→ **Problem details**
Copy the records below in full, keeping each word as it is but omitting the pictures.
***** Material supplied *****
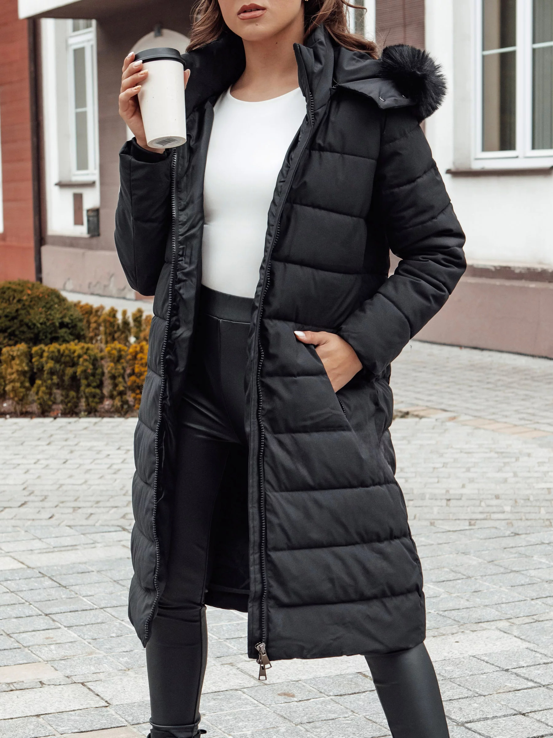 Dlouhá, prošívaná bunda s kožešinovou kapucí, ideální na chladné dny. Její lehká, ale teplá konstrukce zajišťuje pohodlí a ochranu před chladem. Elegantní design s kožešinovým lemováním jí dodává luxusní charakter, a praktické kapsy a regulace v pase z ní činí skvělou volbu pro každodenní procházky po městě nebo víkendové výlety. Tato bunda se dokonale hodí k neformálním stylům, dodává jim šmrnc a eleganci. Vyberte ji, abyste spojili styl s funkčností a vždy vypadali módně.
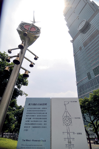 風力的用途廣泛,台北101大樓旁的風力鐘上方不停旋轉的小風扇正是動力來源。
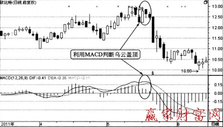 二、MACD的頂背離對(duì)烏云蓋頂?shù)膯⑹?/p>
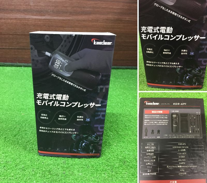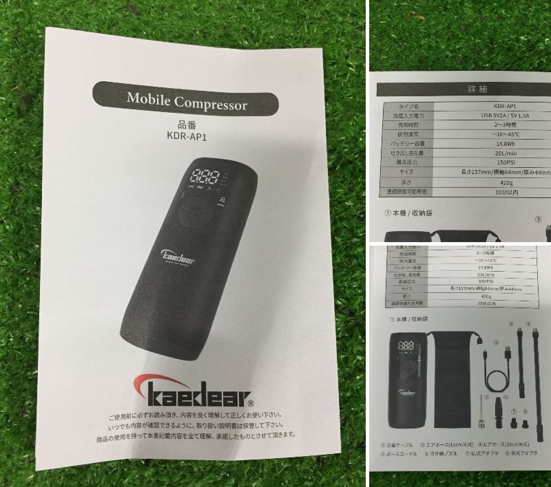 Product name: Kaedear カエディア モバイルコンプレッサー KDR-AP1 ブラック 充電式電動エアーポンプ 箱入り 26-20
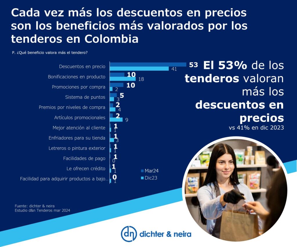En cuanto a preferencias, el 53% de los tenderos menciona los descuentos como el beneficio más importante para sus consumidores, mientras que el 10% valora las bonificaciones en productos y promociones por compra. Para el 5% de los encuestados la preferencia es por un sistema de puntos como beneficio.
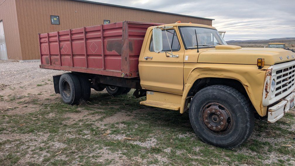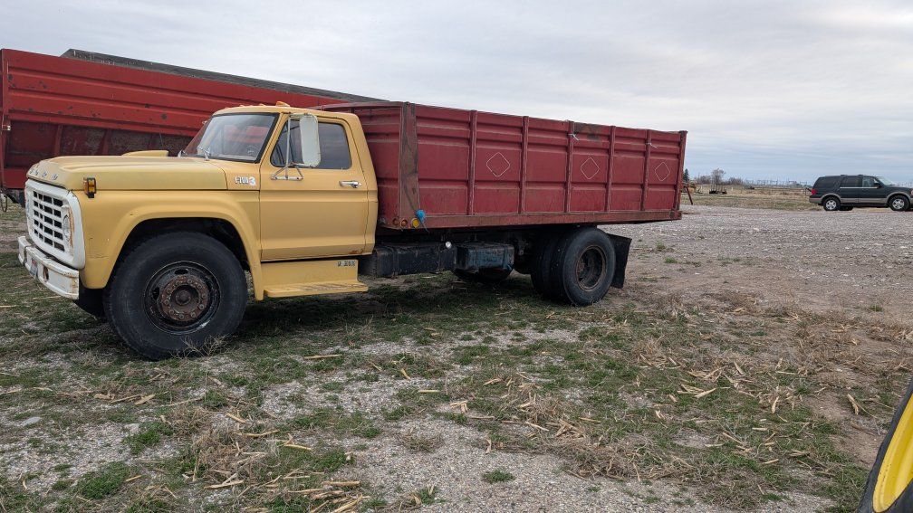 GooglePay1974 Ford Dump truck. runs well, gas motor, scissor lift bed with high (grain) sides.
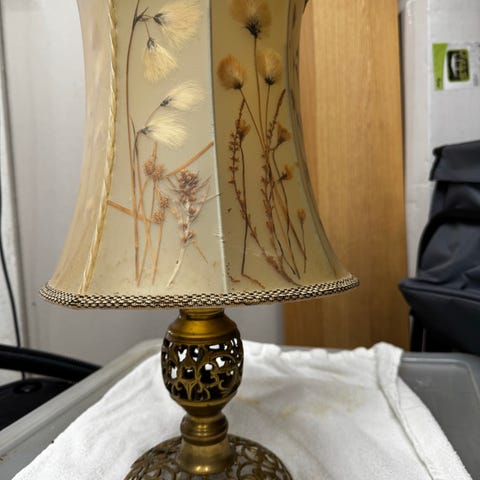 Både skjerm og lampe er rengjort, delikat, vakker og klar til bruk.
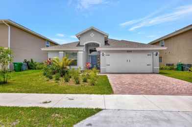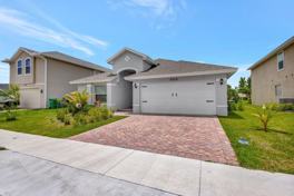 This charming 3-bedroom, 2-bath home offers a spacious open floor plan with vaulted ceilings and an inviting covered lanai. The main living areas feature 18'' ceramic tile, while the bedrooms are comfortably carpeted. The open-concept kitchen is equipped with stainless steel appliances, granite countertops, a pantry, and overlooks both the great room and dining area, making it the heart of the home. The beautifully designed master suite boasts a tray ceiling, dual oversized walk-in closets, and a luxurious master bath with a double vanity, soaking tub, walk-in shower, and a linen closet. Both bathrooms feature tiled showers and cultured marble vanities.
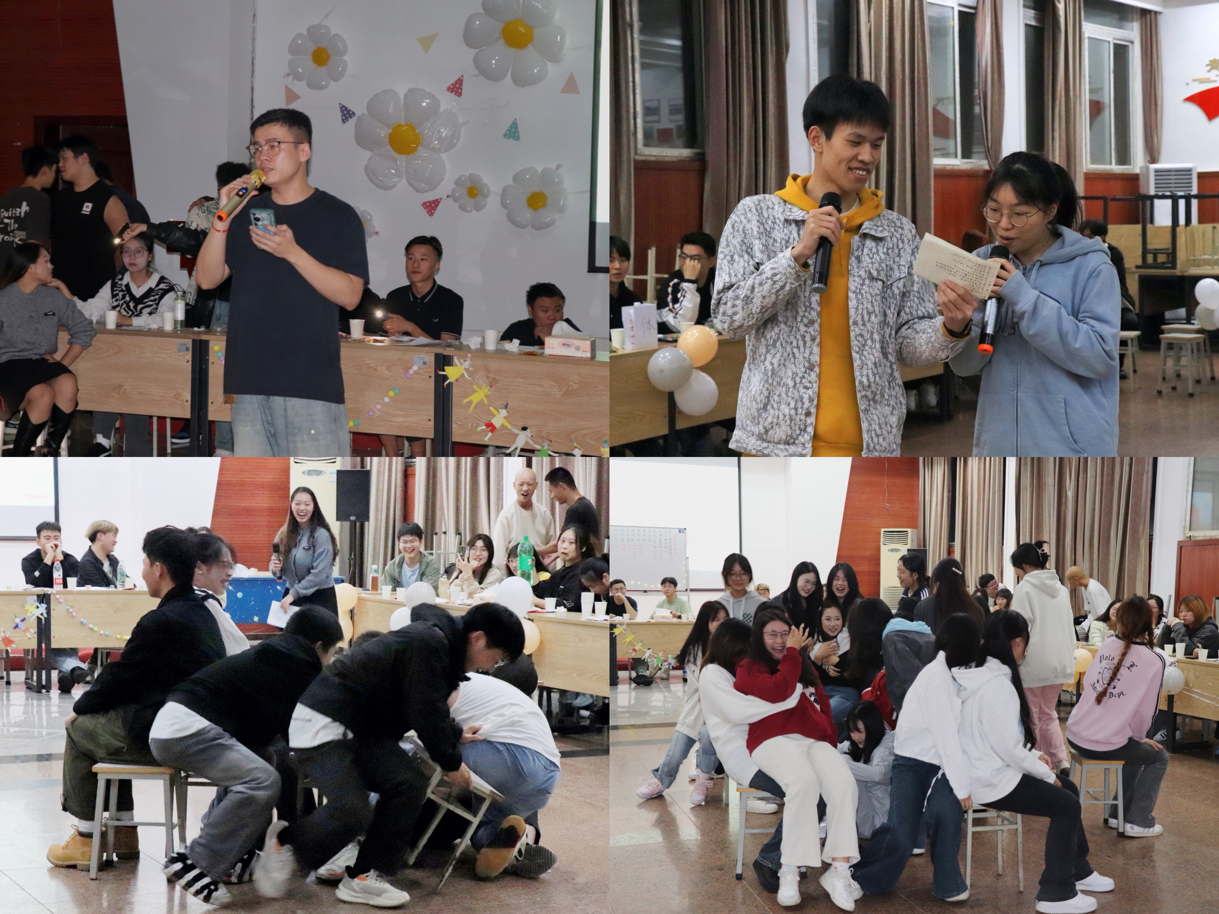 在"定时炸弹—自我介绍"环节,同学们快速破冰,加深了相互认识;"你演我猜"游戏则巧妙锻炼了团队配合;而抢凳子游戏的欢乐氛围更是进一步拉近了他们之间的距离。活动在同学们的才艺展现中进入尾声,掌声与欢笑交织在一起,凝聚成了活动中最为动人的一幕。活动的最后,建筑工程学院团委、学生会全体成员合影留念,共同记录这美好的一刻。
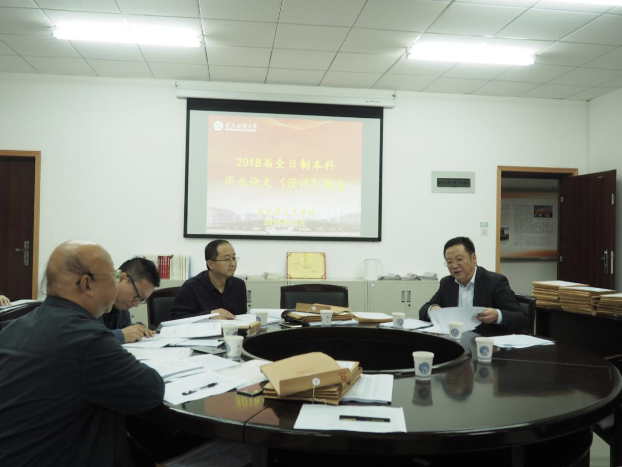 接着,专家组对我院毕业论文组织管理工作是否规范、毕业论文工作材料是否按学校要求进行归档、毕业论文选题、题目更新率、指导教师与评阅教师安排是否符合要求等项目进行了认真细致的审查,并随机抽取了部分学生的毕业论文纸质文档进行检查。
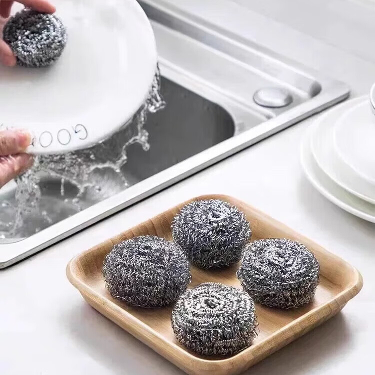 Stainless steel wire ball cleaning ball kitchen dishwashing pot cleaning supplies cleaning tools light gray extra large 15g 4 pieces
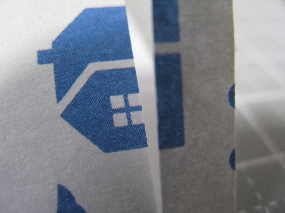 | 「のりしろ」に糊を塗って、もう1枚(=裏面を完全に切り取ったヤツ。)を貼り合わせる。 |
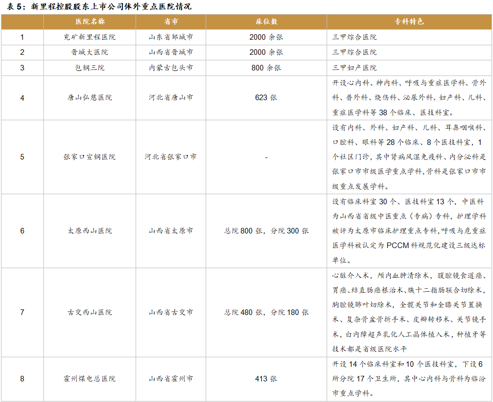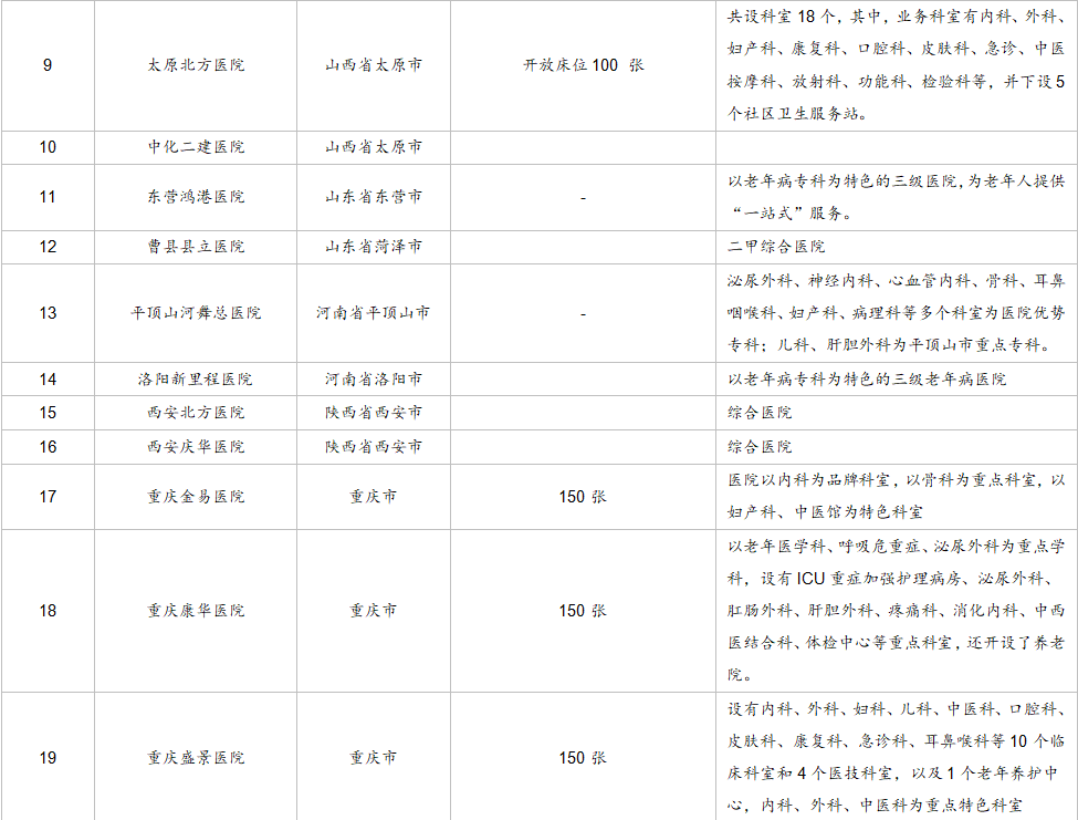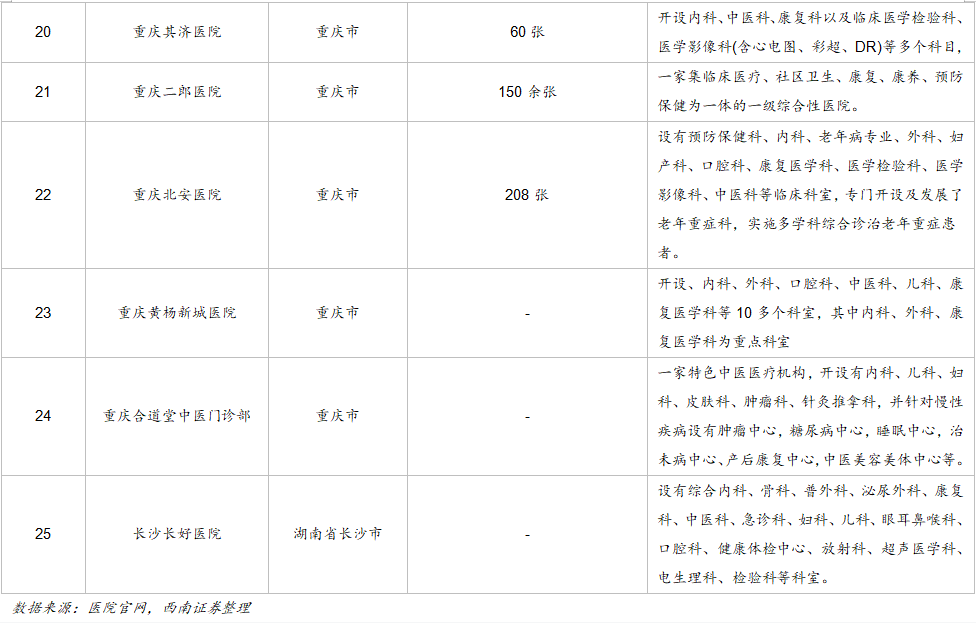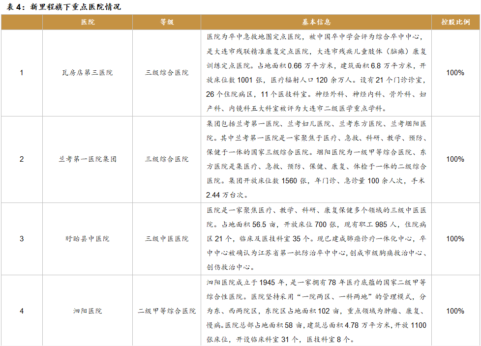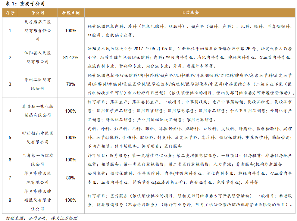 采用“1+N”战略,积极打造领先医疗机构。公司目前控股11家医院,其中瓦房店第三医院、兰考第一医院、盱眙县中医院、泗阳医院、崇州二医院已经成为区域医疗中心,赣西医院和赣西肿瘤医院也是当地排名较高的医疗机构。公司一直采用“一个综合医院+多个专科分院”模式,打造区域领先的医疗机构,致力于肿瘤、骨科、脑血管疾病等领域,顺应老龄化趋势的时代要求。
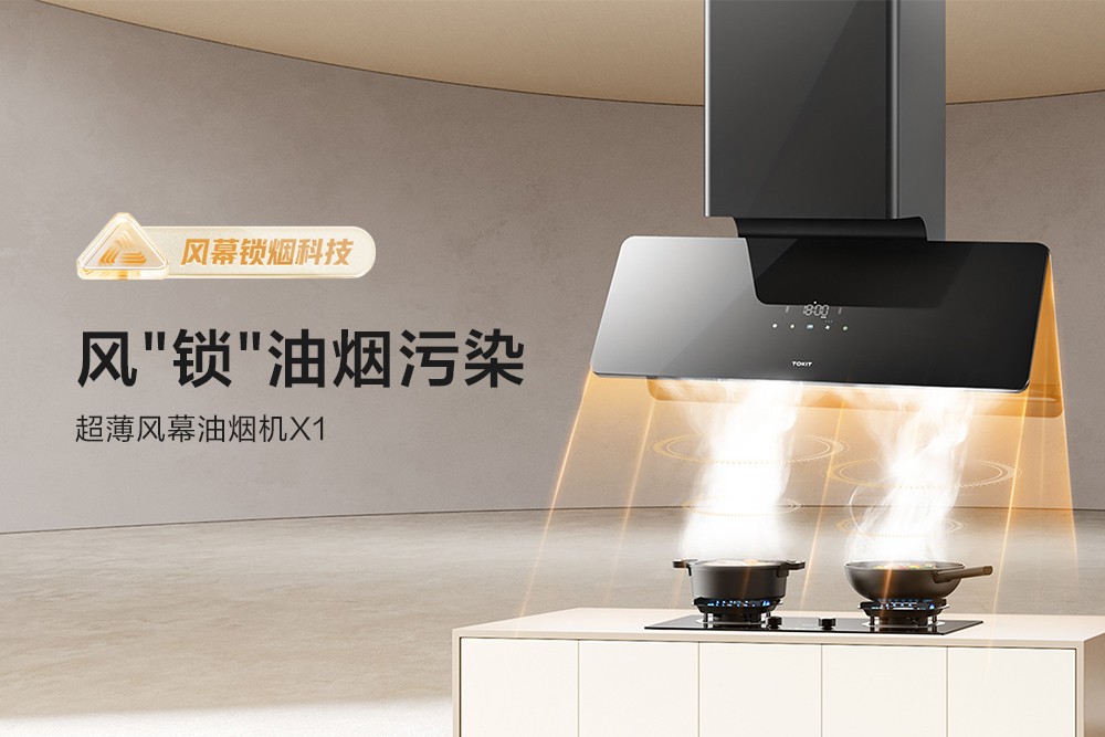 选不对油烟机,油烟很难被除净。为此,TOKIT厨几历时5年专为女性用户研发设计了超薄风幕油烟机X1 ,在业内首创了风幕锁烟科技,可以有效吸除油烟,减少油烟危害。
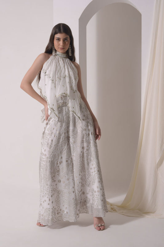Scalloped Floret Kaftan Wiyh Godet Sharar And A Printed Bustier
*****
→ **Answer for this exercise**
 Dlouhá, prošívaná bunda s kožešinovou kapucí, ideální na chladné dny. Její lehká, ale teplá konstrukce zajišťuje pohodlí a ochranu před chladem. Elegantní design s kožešinovým lemováním jí dodává luxusní charakter, a praktické kapsy a regulace v pase z ní činí skvělou volbu pro každodenní procházky po městě nebo víkendové výlety. Tato bunda se dokonale hodí k neformálním stylům, dodává jim šmrnc a eleganci. Vyberte ji, abyste spojili styl s funkčností a vždy vypadali módně.
 風力的用途廣泛,台北101大樓旁的風力鐘上方不停旋轉的小風扇正是動力來源。
 二、MACD的頂背離對(duì)烏云蓋頂?shù)膯⑹?/p>
 Product name: Kaedear カエディア モバイルコンプレッサー KDR-AP1 ブラック 充電式電動エアーポンプ 箱入り 26-20
En cuanto a preferencias, el 53% de los tenderos menciona los descuentos como el beneficio más importante para sus consumidores, mientras que el 10% valora las bonificaciones en productos y promociones por compra. Para el 5% de los encuestados la preferencia es por un sistema de puntos como beneficio.
 GooglePay1974 Ford Dump truck. runs well, gas motor, scissor lift bed with high (grain) sides.
 Både skjerm og lampe er rengjort, delikat, vakker og klar til bruk.
 This charming 3-bedroom, 2-bath home offers a spacious open floor plan with vaulted ceilings and an inviting covered lanai. The main living areas feature 18'' ceramic tile, while the bedrooms are comfortably carpeted. The open-concept kitchen is equipped with stainless steel appliances, granite countertops, a pantry, and overlooks both the great room and dining area, making it the heart of the home. The beautifully designed master suite boasts a tray ceiling, dual oversized walk-in closets, and a luxurious master bath with a double vanity, soaking tub, walk-in shower, and a linen closet. Both bathrooms feature tiled showers and cultured marble vanities.
 在"定时炸弹—自我介绍"环节,同学们快速破冰,加深了相互认识;"你演我猜"游戏则巧妙锻炼了团队配合;而抢凳子游戏的欢乐氛围更是进一步拉近了他们之间的距离。活动在同学们的才艺展现中进入尾声,掌声与欢笑交织在一起,凝聚成了活动中最为动人的一幕。活动的最后,建筑工程学院团委、学生会全体成员合影留念,共同记录这美好的一刻。
 接着,专家组对我院毕业论文组织管理工作是否规范、毕业论文工作材料是否按学校要求进行归档、毕业论文选题、题目更新率、指导教师与评阅教师安排是否符合要求等项目进行了认真细致的审查,并随机抽取了部分学生的毕业论文纸质文档进行检查。
 Stainless steel wire ball cleaning ball kitchen dishwashing pot cleaning supplies cleaning tools light gray extra large 15g 4 pieces
 | 「のりしろ」に糊を塗って、もう1枚(=裏面を完全に切り取ったヤツ。)を貼り合わせる。 |
 采用“1+N”战略,积极打造领先医疗机构。公司目前控股11家医院,其中瓦房店第三医院、兰考第一医院、盱眙县中医院、泗阳医院、崇州二医院已经成为区域医疗中心,赣西医院和赣西肿瘤医院也是当地排名较高的医疗机构。公司一直采用“一个综合医院+多个专科分院”模式,打造区域领先的医疗机构,致力于肿瘤、骨科、脑血管疾病等领域,顺应老龄化趋势的时代要求。
 选不对油烟机,油烟很难被除净。为此,TOKIT厨几历时5年专为女性用户研发设计了超薄风幕油烟机X1 ,在业内首创了风幕锁烟科技,可以有效吸除油烟,减少油烟危害。
Scalloped Floret Kaftan Wiyh Godet Sharar And A Printed Bustier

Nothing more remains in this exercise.